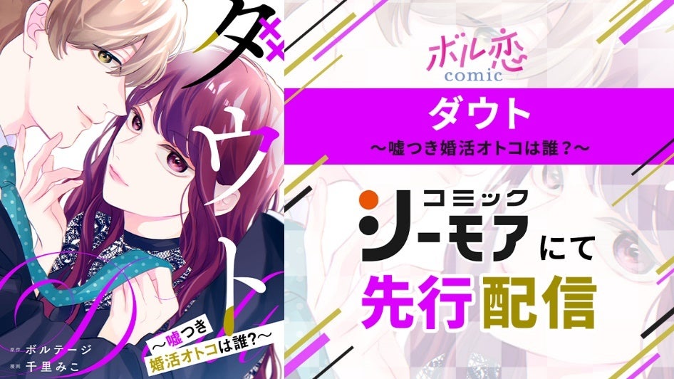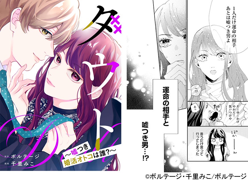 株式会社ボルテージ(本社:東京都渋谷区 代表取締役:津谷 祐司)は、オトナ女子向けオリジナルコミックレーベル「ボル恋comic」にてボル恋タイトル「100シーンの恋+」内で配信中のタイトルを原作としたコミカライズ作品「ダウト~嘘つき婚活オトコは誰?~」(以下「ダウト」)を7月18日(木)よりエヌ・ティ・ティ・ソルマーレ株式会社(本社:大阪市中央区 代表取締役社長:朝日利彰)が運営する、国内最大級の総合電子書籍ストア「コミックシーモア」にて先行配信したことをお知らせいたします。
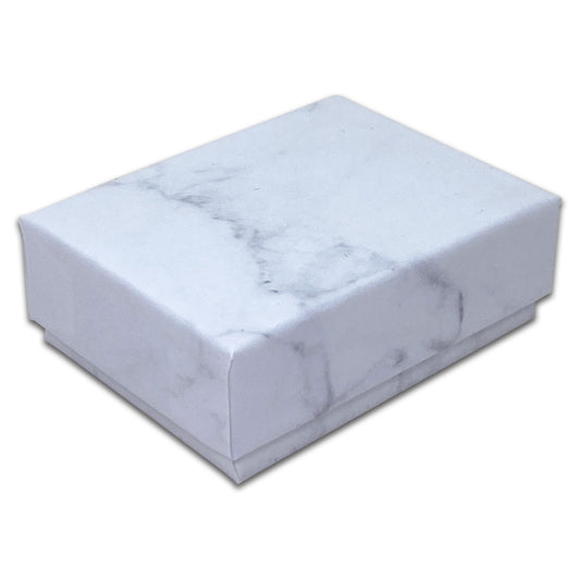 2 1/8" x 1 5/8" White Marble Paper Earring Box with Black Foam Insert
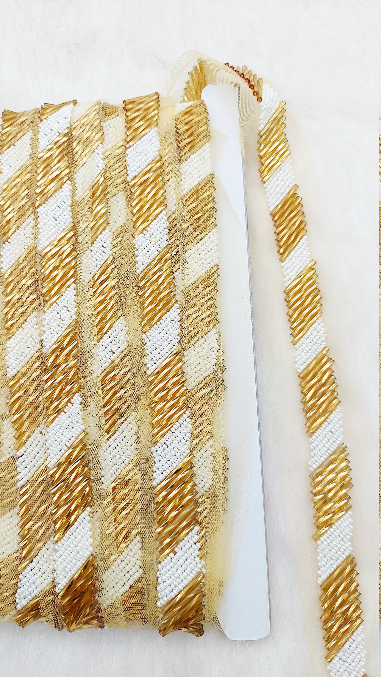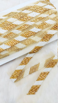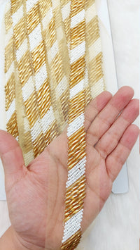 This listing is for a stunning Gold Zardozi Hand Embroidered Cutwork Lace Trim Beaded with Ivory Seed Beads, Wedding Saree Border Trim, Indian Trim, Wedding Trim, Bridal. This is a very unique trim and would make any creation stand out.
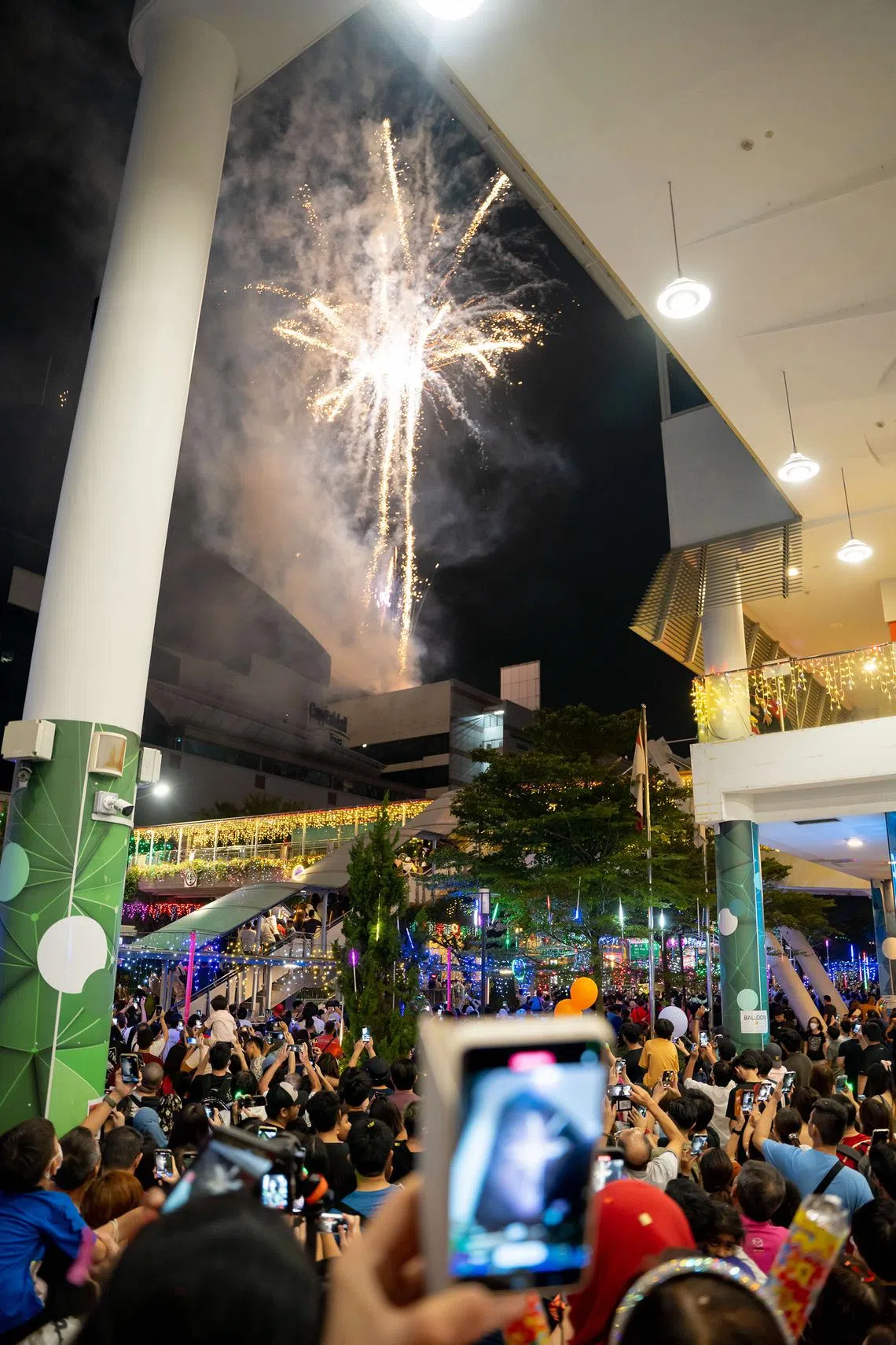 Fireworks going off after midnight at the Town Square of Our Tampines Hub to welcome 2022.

...

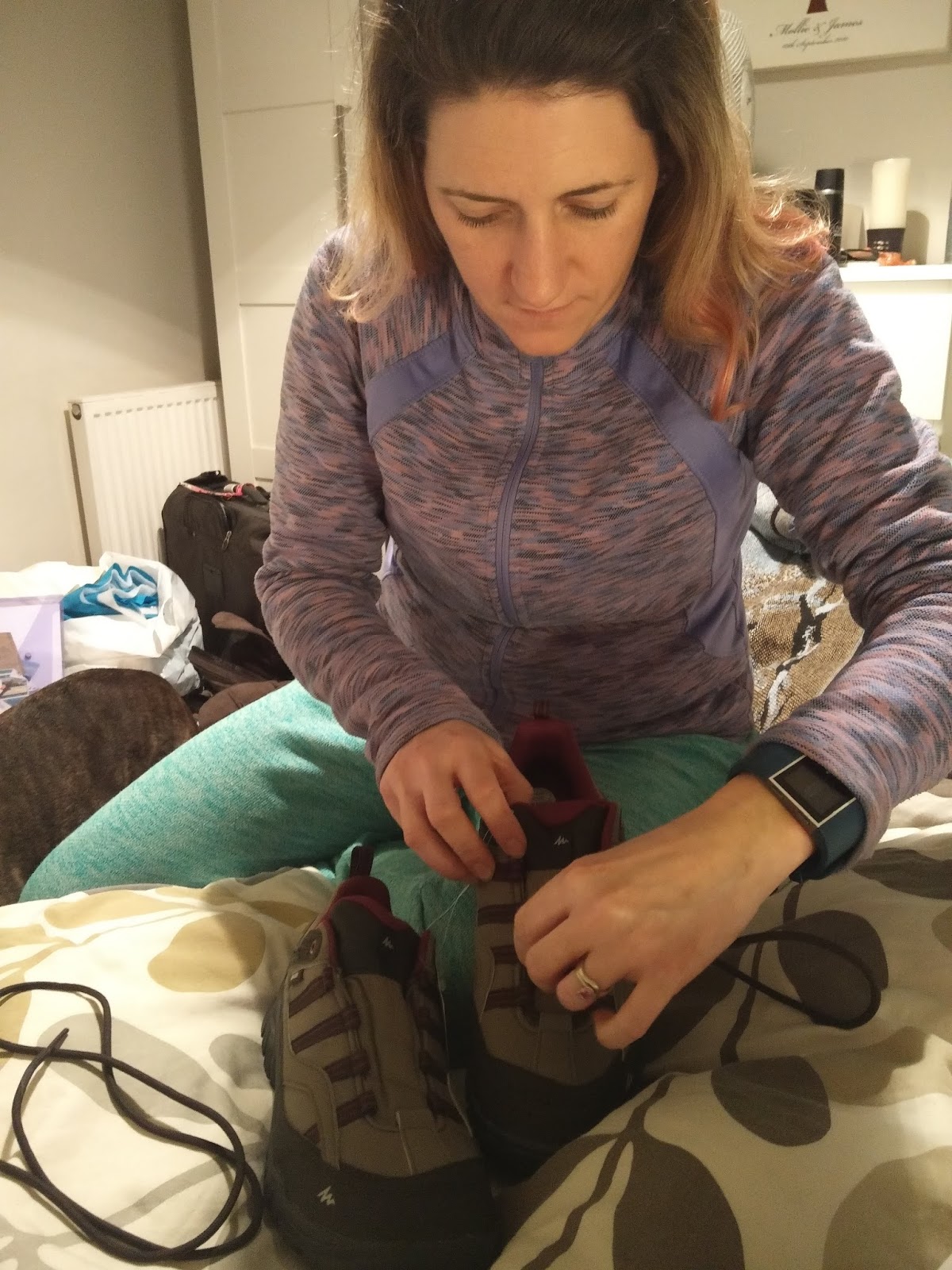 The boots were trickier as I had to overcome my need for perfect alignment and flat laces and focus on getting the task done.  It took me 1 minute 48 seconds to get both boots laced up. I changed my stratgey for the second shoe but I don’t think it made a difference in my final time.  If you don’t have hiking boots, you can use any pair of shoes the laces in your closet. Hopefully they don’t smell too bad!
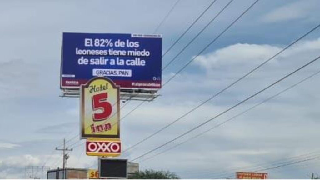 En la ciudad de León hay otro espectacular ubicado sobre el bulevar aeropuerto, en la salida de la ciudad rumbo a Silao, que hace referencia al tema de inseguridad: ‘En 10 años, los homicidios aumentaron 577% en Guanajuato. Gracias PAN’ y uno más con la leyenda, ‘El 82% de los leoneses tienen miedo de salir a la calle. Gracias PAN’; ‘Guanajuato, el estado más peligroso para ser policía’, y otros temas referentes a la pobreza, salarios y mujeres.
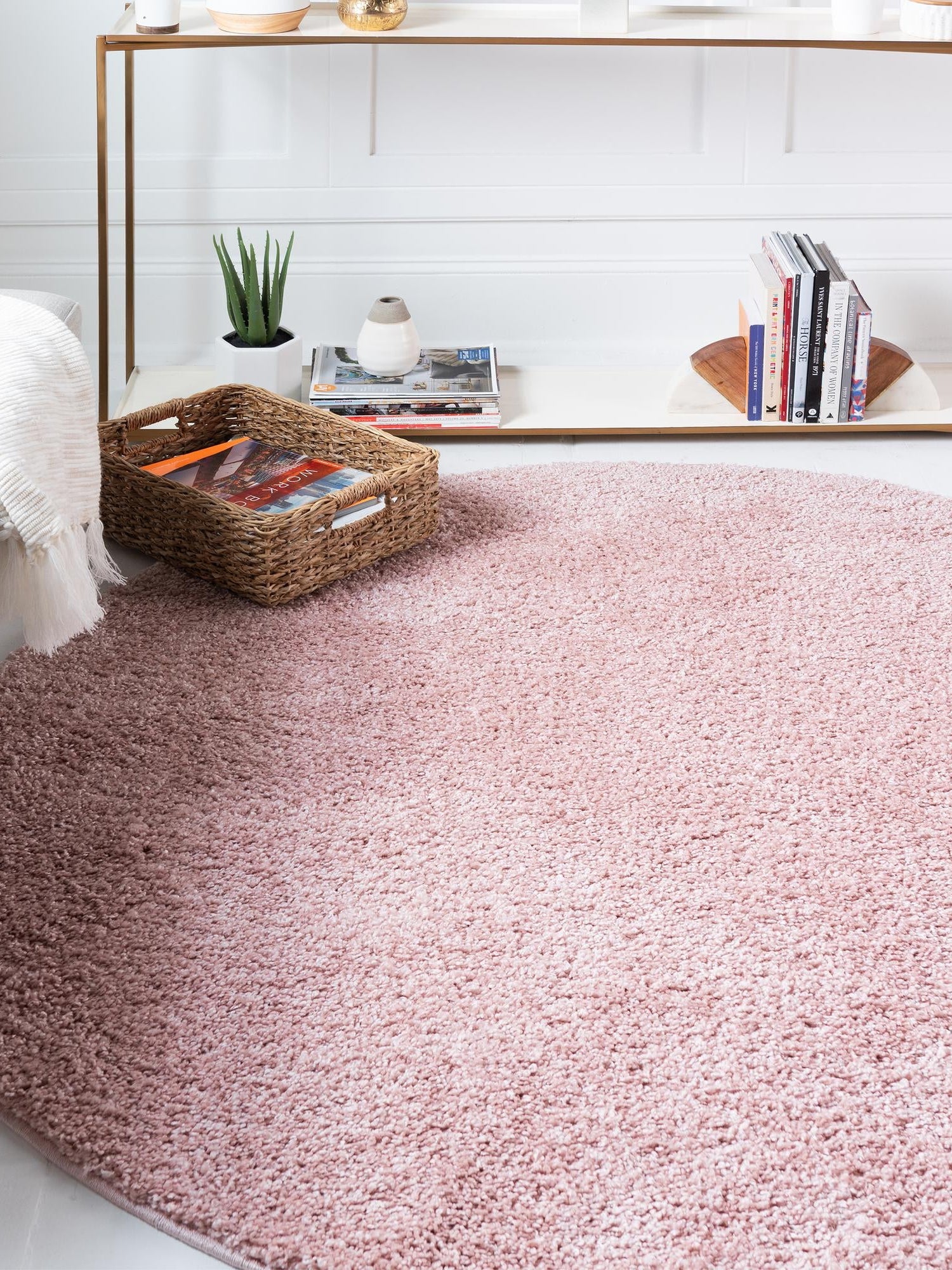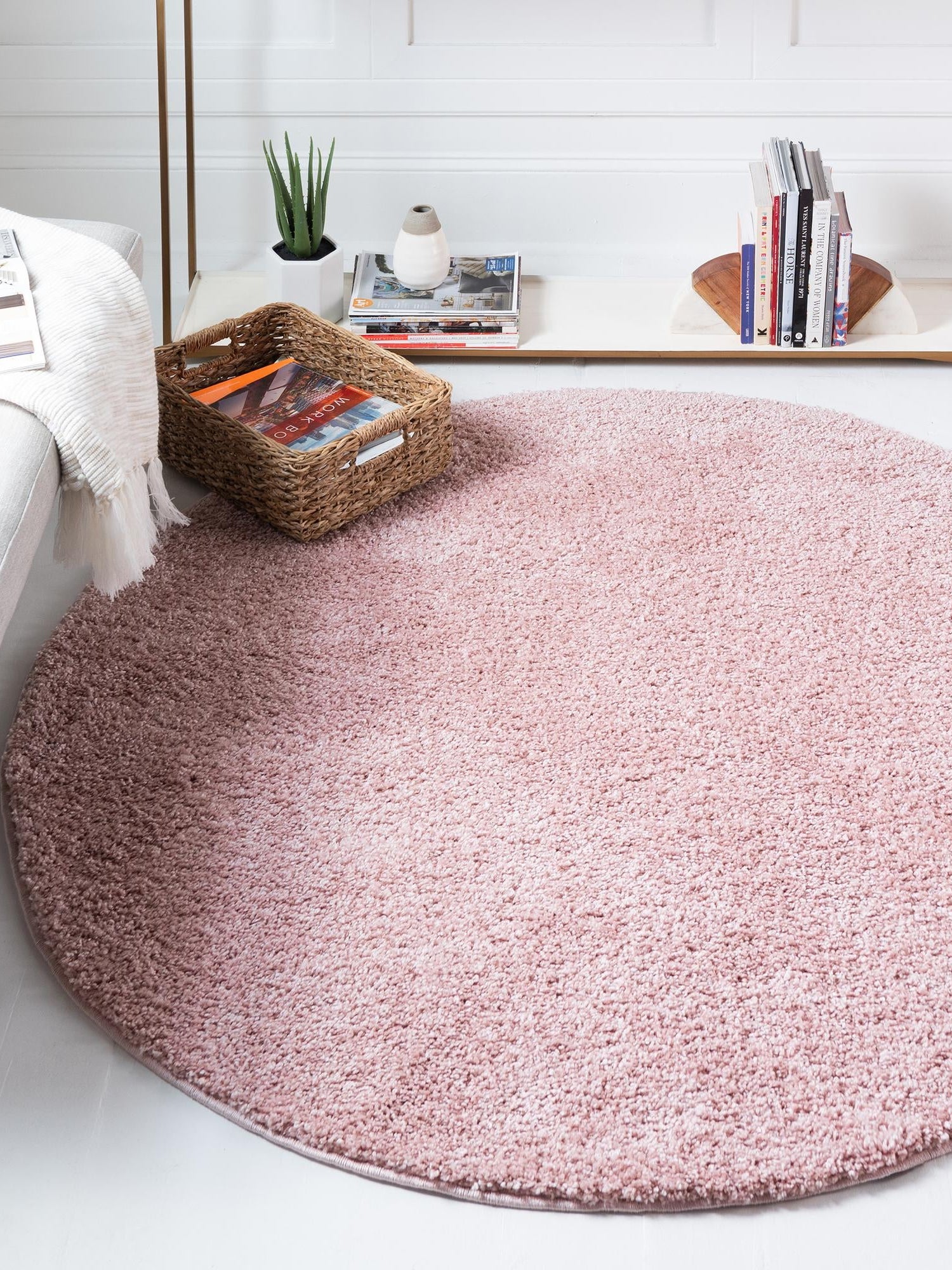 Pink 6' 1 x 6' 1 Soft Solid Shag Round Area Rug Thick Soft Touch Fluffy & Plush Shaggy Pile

§ Work required:
Give back exactly the lines above that run from the one with "En la ciudad" to the one with "Pink 6' 1 x", including both, with the pictures left out.

§ Exercise solution:
 En la ciudad de León hay otro espectacular ubicado sobre el bulevar aeropuerto, en la salida de la ciudad rumbo a Silao, que hace referencia al tema de inseguridad: ‘En 10 años, los homicidios aumentaron 577% en Guanajuato. Gracias PAN’ y uno más con la leyenda, ‘El 82% de los leoneses tienen miedo de salir a la calle. Gracias PAN’; ‘Guanajuato, el estado más peligroso para ser policía’, y otros temas referentes a la pobreza, salarios y mujeres.
 Pink 6' 1 x 6' 1 Soft Solid Shag Round Area Rug Thick Soft Touch Fluffy & Plush Shaggy Pile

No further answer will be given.